Os menores de idade (nos EUA a maioridade é reconhecida aos 21) mereceram ao longo dos tempos cuidada atenção dos legisladores – uns mais liberais do que outros, é certo. Em vários estados (Oregon, Luisiana e Dakota do Sul, por exemplo), os pais podem dar bebidas alcoólicas a menores desde que seja por motivos “religiosos, médicos ou educacionais”… Um menor que esteja casado com alguém com 21 anos ou mais pode consumir na companhia do cônjuge (Wisconsin), mas no Missuri um jovem que esteja a despejar o saco do lixo pode ser multado por posse ilegal de álcool se for detectada alguma embalagem…

Sabia que…
Na Escócia, existe uma lei que estipula em duas cervejas a multa para quem usar roupa interior por baixo do kilt.

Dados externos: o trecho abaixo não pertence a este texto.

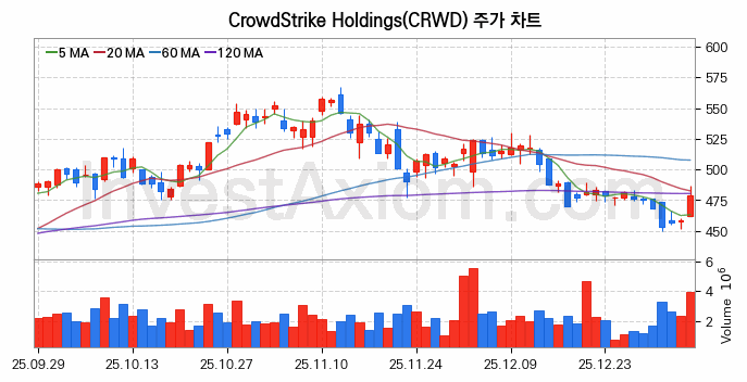CrowdStrike Holdings (크라우드 스트라이크 홀딩스 Class A) 주가 전망에 참고될 수 있는 상세한 주식 기술적 분석 결과(2026년 01월 07일 기준)를 제공하며, 전 거래일 대비 약 4.49% 상승한 미국 주식시장에 상장된 CrowdStrike Holdings 주식 종목의 주가 차트를 비롯해 주가 상태, 주식 거래량, 기간 수익률, 주가 이동평균 및 기간 주가 변동성 기반 분석 결과를 제공합니다.
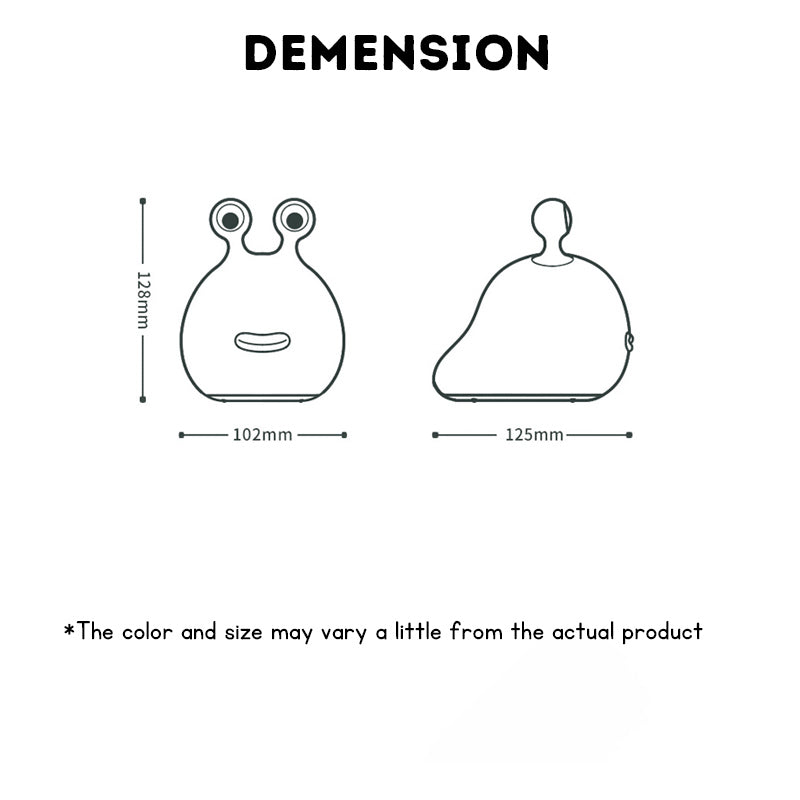 - The slug night light consists of one night light, one USB charging cable, and one instruction manual

Abstemo-nos de imaginar como é controlado o seu cumprimento…

Os animais também têm os seus direitos. É, por exemplo, proibido dar álcool a alces (Fairbanks, Alaska); andar a cavalo em estado de embriaguez (Colorado); dar whisky a um cão (Chicago, Illinois); embebedar peixes (Utah e Ohio). E, sobretudo, nada de anunciar a intenção de ter sexo com um búfalo (Oklahoma)!

É muita areia para a nossa camioneta. Mais a mais, há leis que parecem feitas à medida para aborrecer quem trabalha nesta área da imprensa especializada. No Maryland, quem escreve sobre bebidas alcoólicas precisa de um certificado de uma agência estatal para poder receber amostras – e, mesmo assim, nunca mais de três garrafas por marca. É uma seca (mais um trocadilho lamentável, perdão), mas há muito pior no Utah, onde é estritamente proibido engolir o vinho durante as provas. Mais do que uma violação da liberdade de imprensa, isto é um verdadeiro atentado aos direitos do homem!